Why bittersweet? Because like life, the cherry blossoms are beautiful but they don’t last long. Cheery blossoms in Japan are a must-see item for your live it bucket list. Especially if you go to ancient Kyoto in spring.


When it comes to fall leaf clean-up, bittersweet refers to that moment when you get maximum leaf drop and you know you are about to suffer for one more day. It’s also one of those moments when hearing about attempts to ban leaf blowers seems like a cruel joke.

This past fall has been the most difficult of my twenty-plus landscaping career. It rained heavily for months; it was so bad, I don’t even remember blowing any dry leaves. I would call it a suffer-fest.

All at once

When the weather network announced high winds for one of our fall weekends, some of my co-workers lit up the company WhatsApp, excited about all of the leaves falling in one weekend. And they did! Except, it also rained and the resulting Monday morning mess almost broke us.

I had two helpers for mountains of soggy leaves and it was hard. We cleaned-up leaves from 8-6pm and, because my son had soccer practice at 7, I had to leave at 6. Soccer or no, I would have left anyway.

Soggy Katsura leaves covering the entire site after a storm.

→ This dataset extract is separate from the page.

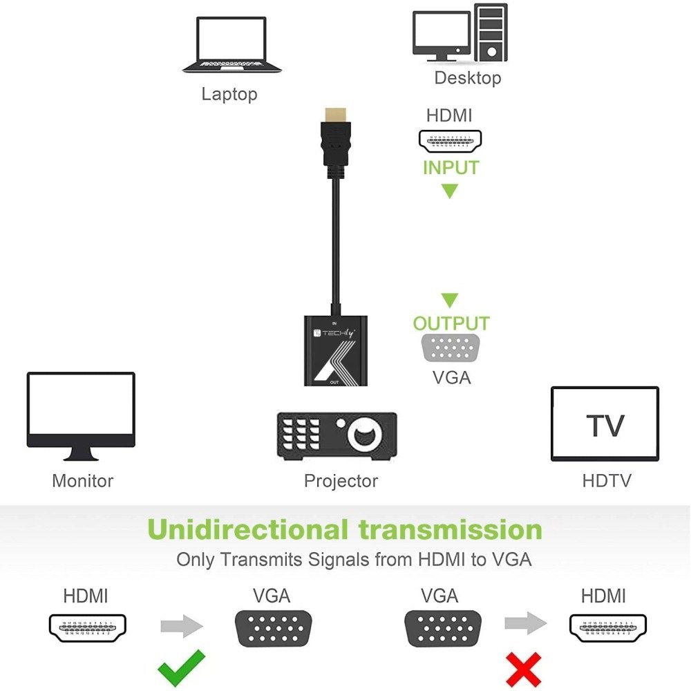 Adapter HDMI Techly IDATA HDMI-VGA2P, P/N: 361902 – Konwerter Sygnału Przejściówka HDMI – VGA D-Sub 1920x1200 przy 60Hz M/F

Knowing that this was our last big day was little consolation. And we used Stihl’s bad boy 800 model leaf blowers which have high air volume and air pressure. They blow away insects and garden gnomes like nothing but on this day, they too struggled.

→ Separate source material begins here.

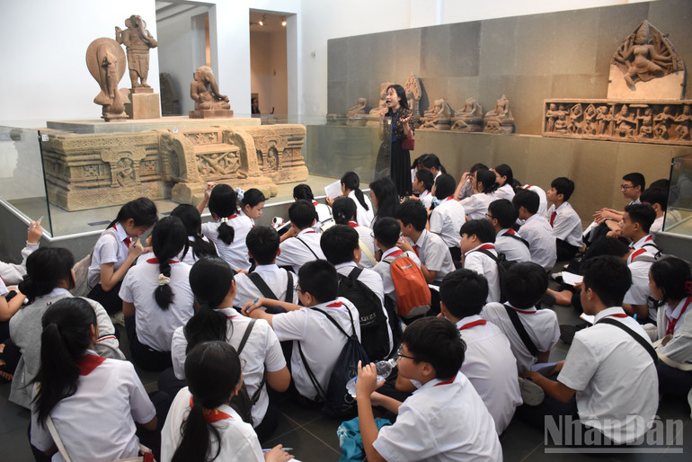 Học sinh Trường trung học cơ sở Lê Thị Hồng Gấm, thành phố Đà Nẵng trong giờ học ngoại khoá tại Bảo tàng Điêu khắc Chăm.

And right here is the key point: current battery-operated technology isn’t good enough to handle this kind of leafy mess. It would have taken hours longer and I don’t even know how many battery packs we would have gone through.

The National Association of Landscape Professionals recently made this point to the State of California, which is considering a full ban on gas-powered small engines.

Nasty fall

Leaf clean-up on strata properties is hard work and when the weather turns bad, it can get even harder. For now we use gas-powered leaf blowers because they can handle the load. Once the battery operated technology improves, I will be the first one to test it in the field.

As I write, Christmas is one week away and I’m looking forward to some much-needed down time. It was a long, strange year. When this blog post is published in February, 2022, we’ll be closer to spring. Spring! I can’t wait.